Emma Cocker is a writer-artist whose research focuses on artistic processes and practices, and the performing of thinking-in-action therein. Cocker’s language-based artistic research comprises a matrix of writing, reading and conversation practices, including diverse process-oriented, dialogic-collaborative and aesthetic-poetic approaches to working with and through language. Cocker’s writing has been published in Failure, 2010; Stillness in a Mobile World, 2010; Drawing a Hypothesis: Figures of Thought, 2011; Hyperdrawing: Beyond the Lines of Contemporary Art, 2012; On Not Knowing: How Artists Think, 2013; Choreo-graphic Figures: Deviations from the Line, 2017; The Creative Critic: Writing as/about Practice, 2018; Live Coding: A User's Manual, 2023, and in the solo collections, The Yes of the No, 2016, and How Do You Do?, 2024. Cocker is co-founder of the international Society for Artistic Research Special Interest Group for Language-based Artistic Research. She is Associate Professor in Fine Art, Nottingham Trent University.

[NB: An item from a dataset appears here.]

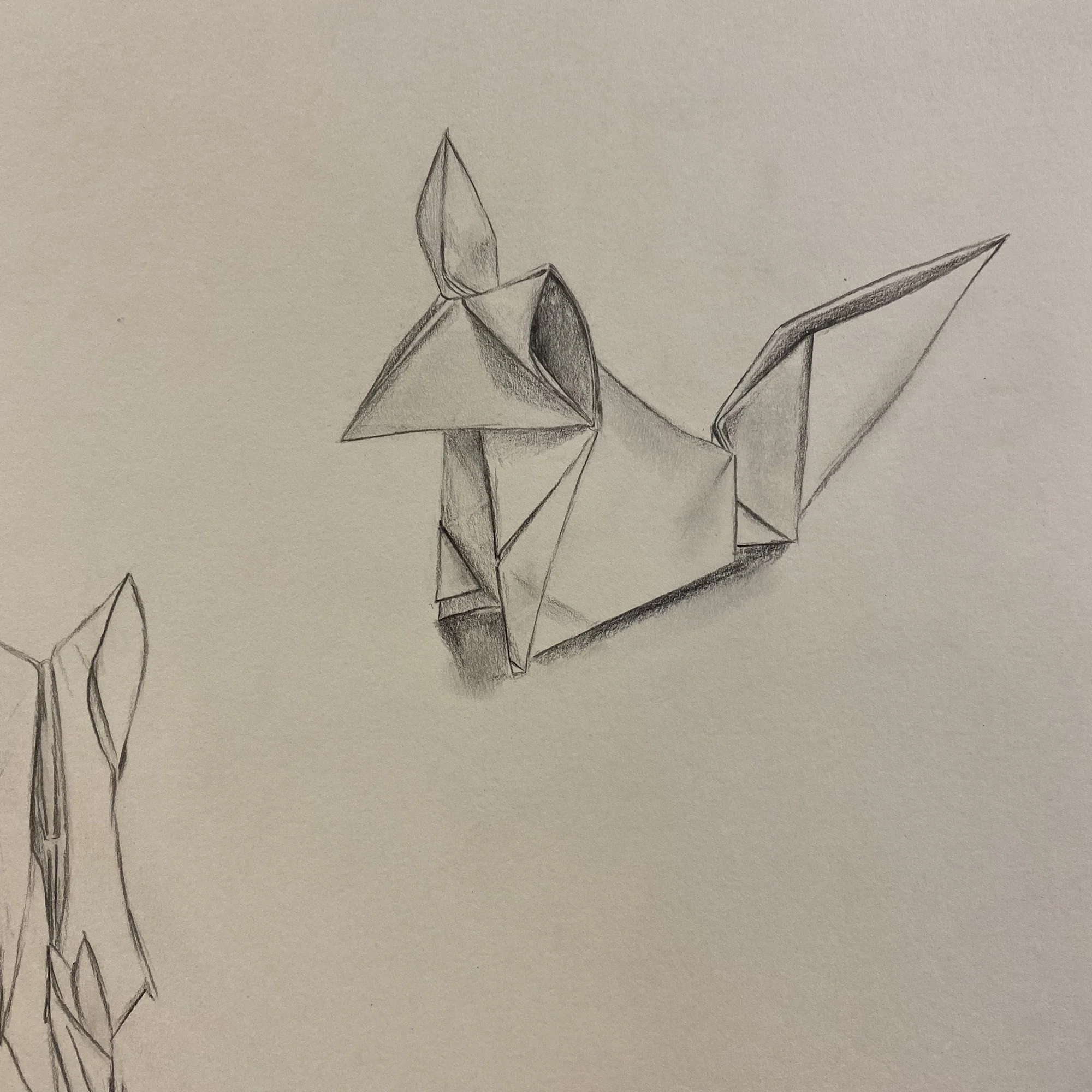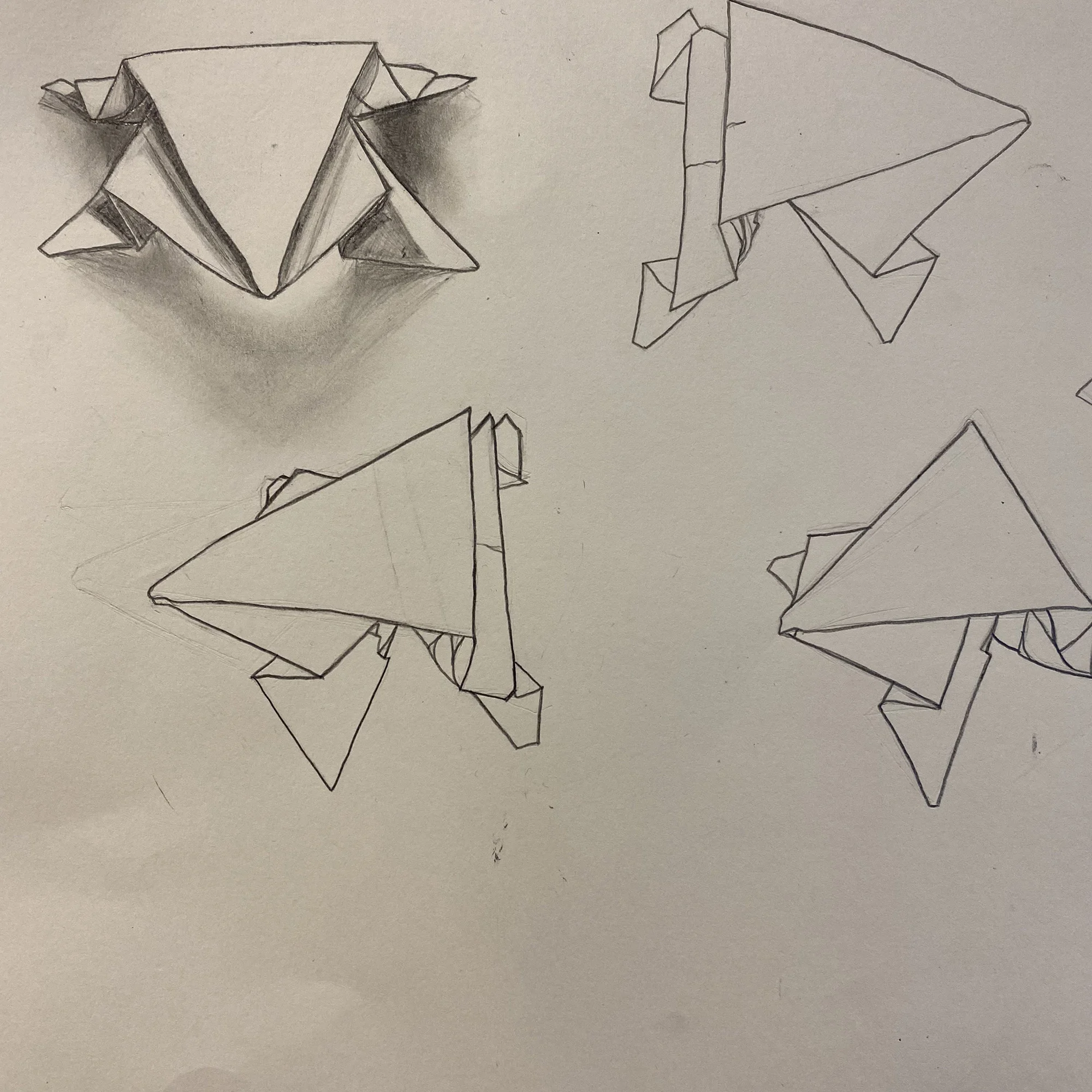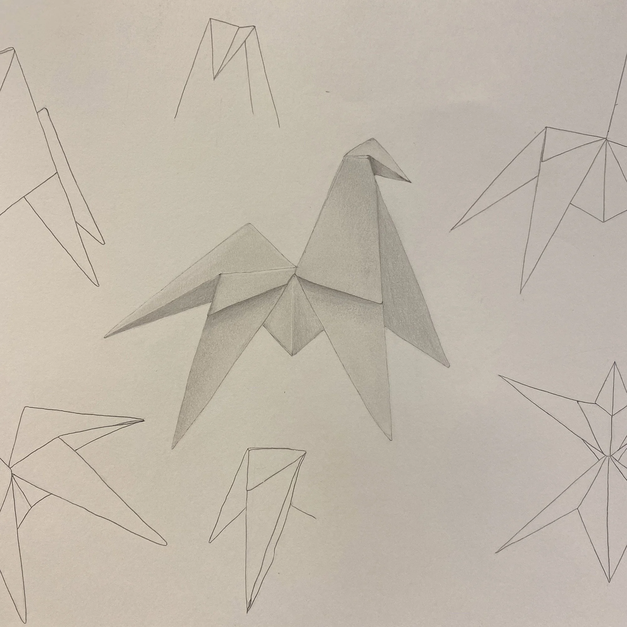 Dessin d’observation pur. Individuellement, les élèves choisissent un origami et le construisent. Ils étudient ensuite sa forme – dessin au trait uniquement – sous différents angles. Sur la fin, ils choisissent une des études et réalisent les ombrages et les niveaux de gris. Travail au crayon à papier – A3.

New work: Close Reading (Feeling it for You)


Tests from a series of new ‘Close Readings’ generated from my experience as ‘Seer-in-Residence’ (see posts below). The texts encountered during my residency included: Roland Barthes, ‘The Metaphor of the Eye’, from Georges Bataille, The Story of Eye; Catherine Clémente, ‘Syncope’s Strategies, from Syncope: The Philosophy of Rapture; Hélène Cixous, ‘Writing Blind’, from Stigmata: Escaping Texts; Luce Irigaray, ‘To perceive the invisible in you’, from To Be Two. The second 'close reading' draws on a sentence from Cixous' Writing Blind, "Answer: the text needs the paper. It is in the contact with the sheet of paper that sentences emerge", which seems especially pertinent to the concerns of my Close Readings.